Le isole Aleutine costituivano una specie di strada che metteva in comunicazione il continente nordamericano e l'estremo oriente, lungo la più breve direttrice di collegamento tra San Francisco e Tokio, e il loro valore strategico apparve evidente ad entrambi i contendenti. D'altra parte quella cintura di isole era una delle più inospitali zone del pianeta, dove le variabili e tempestose condizioni meteorologiche e la conformazione geologica avrebbero comunque rappresentato un notevole problema nel costituire basi permanenti, soprattutto aeree, sulle isole. Il Mare di Bering, dove le isole sono situate, fu addirittura definito una "fabbrica di tempeste", perché durante i mesi invernali si formano lassù una o due tempeste alla settimana, che poi viaggiano in direzione est e sud-est.
Nel maggio 1942, prima dello svolgimento della battaglia delle Midway, i comandi statunitensi considerarono Dutch Harbor e le Isole Aleutine come possibile obiettivo nemico; di conseguenza iniziarono ad organizzare un complesso di forze, comandate dal contrammiraglio Robert A. Theobald, destinate al Pacifico settentrionale.
Ma anticipando gli statunitensi, i giapponesi il 3 giugno 1942 lanciarono l'attacco contro le isole Aleutine: nelle prime ore della giornata, da alcune portaerei leggere inviarono su Dutch Harbour 23 bombardieri scortati da 12 caccia[1] La formazione, a causa della nebbia e perché troppo esigua, provocò solo danni leggeri e l'attacco fu ritentato il giorno dopo con condizioni meteo più favorevoli[1][2]. Anche il giorno seguente il risultato fu tutt'altro che decisivo e il 5 giugno le due portaerei furono richiamate a sud per partecipare all'operazione principale sulle isole Midway. Il 7 giugno, comunque, una piccola forza di invasione giapponese sbarcò 1.800 uomini[3] su due delle tre isole che rappresentavano il loro obbiettivo, ossia Kiska e Attu, e le occuparono senza incontrare resistenza[1].

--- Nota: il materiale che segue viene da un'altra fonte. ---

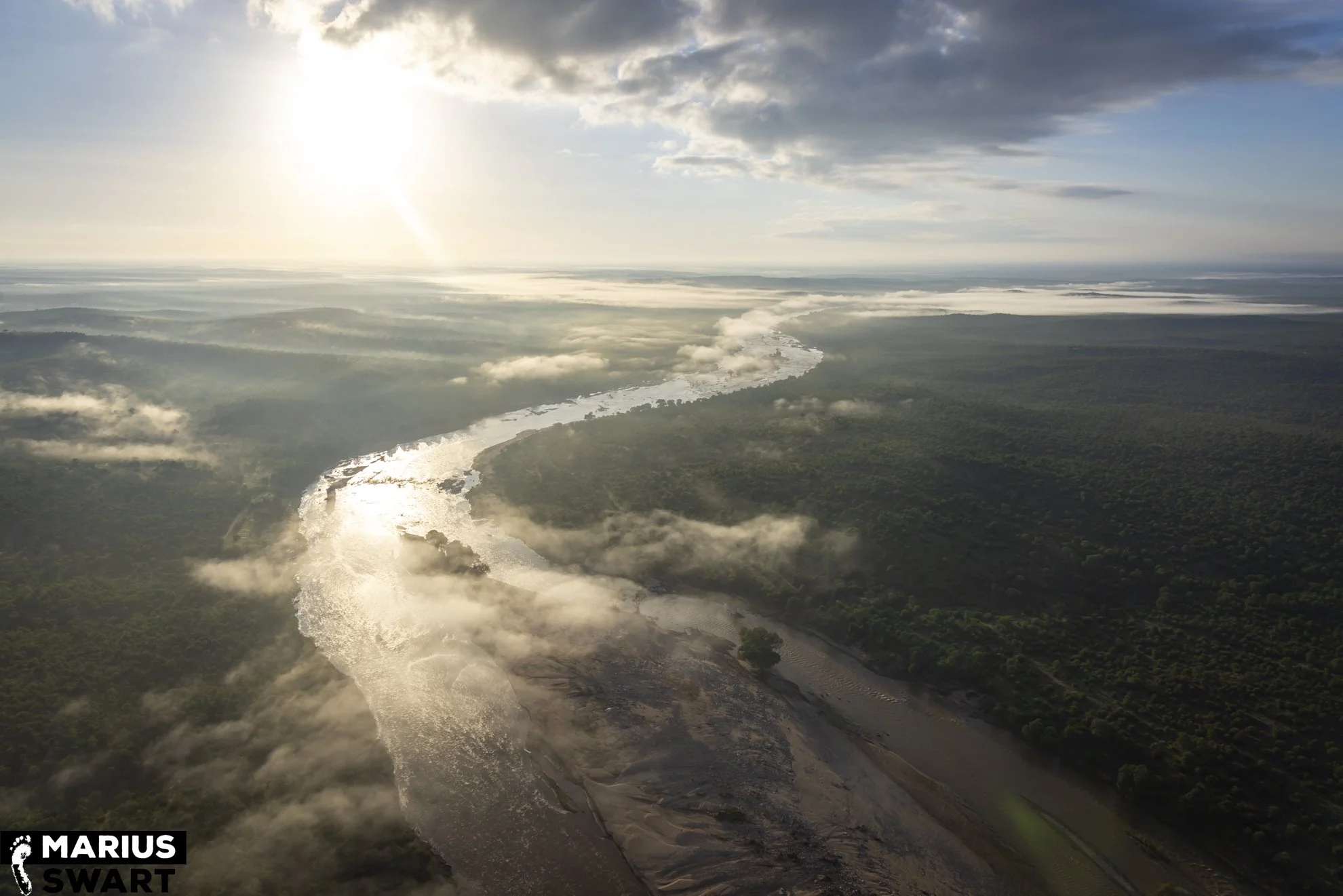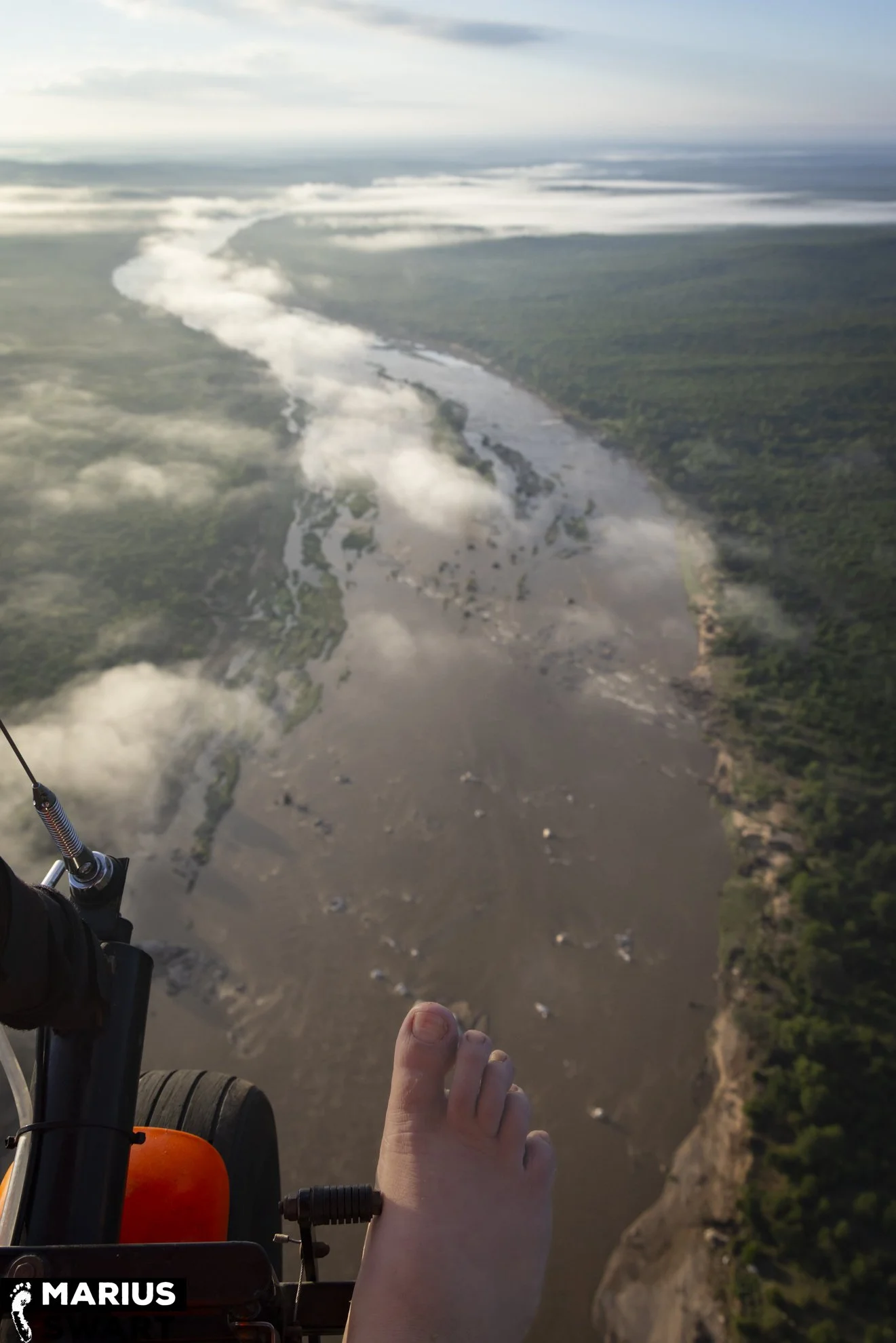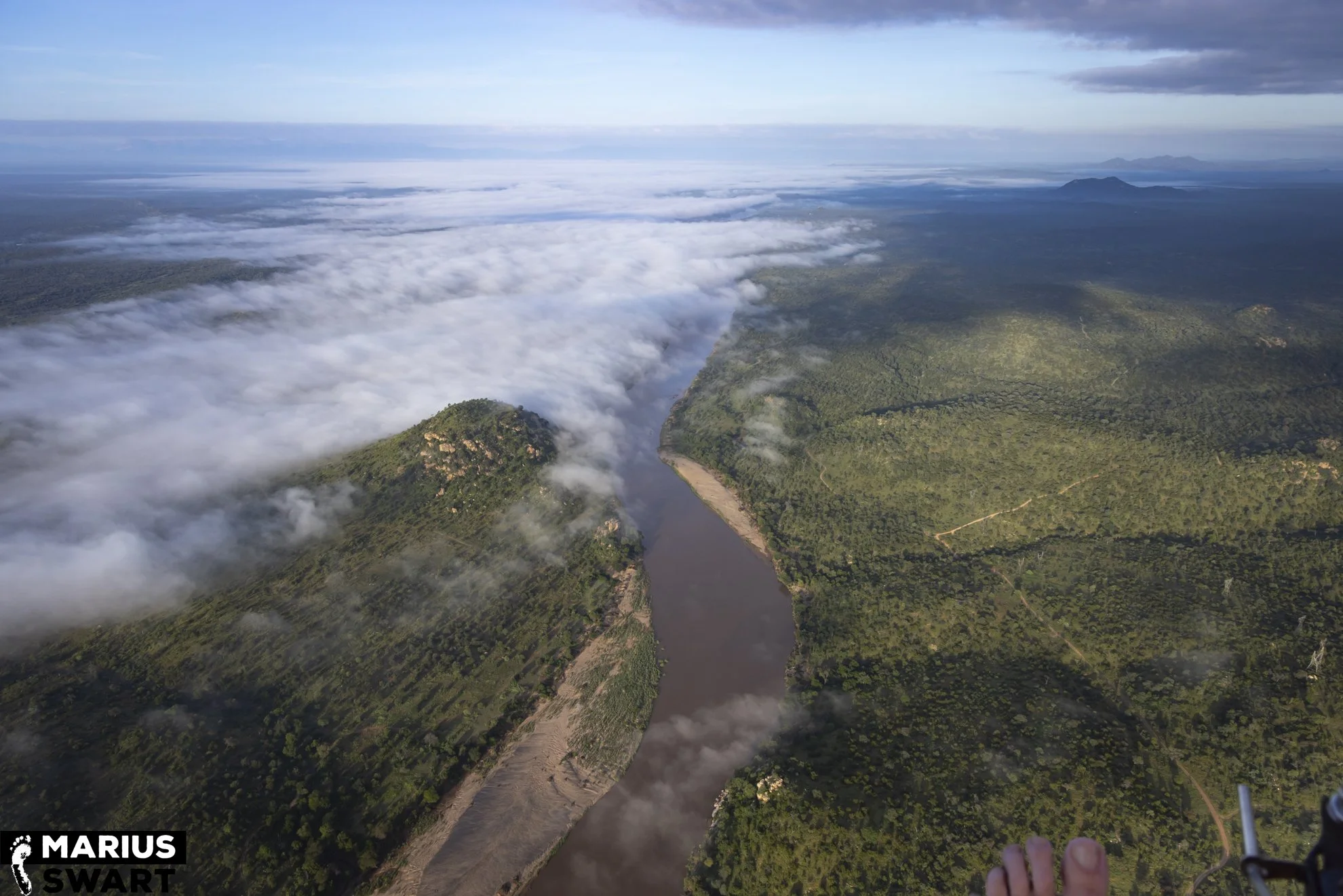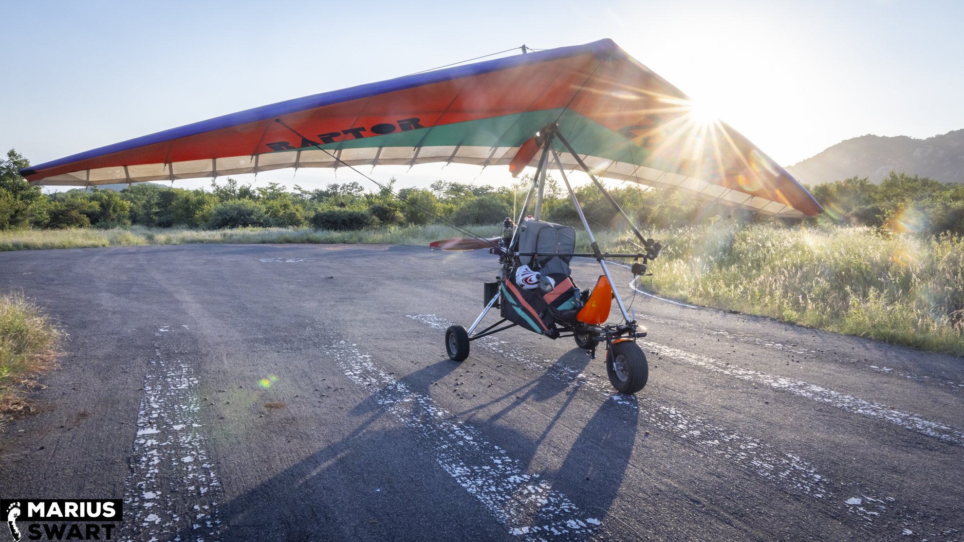 There are advantages and disadvantages to riding a motorcycle in the sky, and one disadvantage is its susceptibility to wind and thermals. Luckily strong wind is irregular but due to its low elevation and latitude, the Lowveld here gets pretty hot and thermal convection is a given. Sunrise usually provides the most pleasant conditions but in our winter it’s cool enough to comfortably fly till late morning.

L'avvenimento fu molto propagandato in Giappone dove, anche per distogliere l'attenzione dal fallimento nelle isole Midway, l'azione venne presentata come un successo, nonostante in realtà la brulla natura rocciosa di queste isole tormentate dal maltempo non le rendesse adatte in ogni caso a ospitare basi aeree o navali per un'avanzata attraverso il Pacifico[1].
La situazione entrò in stallo a causa del maltempo e dello sforzo americano incentrato su altri fronti; per quasi un anno la situazione alle Isole Aleutine non cambiò, e i giapponesi continuarono ad occupare le isole.
La prima reazione statunitense fu un bombardamento navale all'isola di Kiska, dove una task force di cacciatorpediniere e incrociatori al comando del contrammiraglio W. W. Smith danneggiò le installazioni giapponesi sull'isola.
Nel frattempo partirono le operazioni per dotare l'isola di Adak di una pista di decollo, ultimata l'11 settembre, che consentì agli americani alcune incursioni aeree sull'isola di Kiska distante solo 400 km, e costringendo i giapponesi a trasferire la guarnigione di Attu a Kiska.[4]
Il 30 settembre iniziò il contrattacco giapponese, quando partì la prima fase di una serie di azioni aeree di disturbo sull'isola di Adak; per il resto dell'anno, fino al maggio del 1943, fu un susseguirsi sporadico di piccole azioni di disturbo, senza particolari effetti.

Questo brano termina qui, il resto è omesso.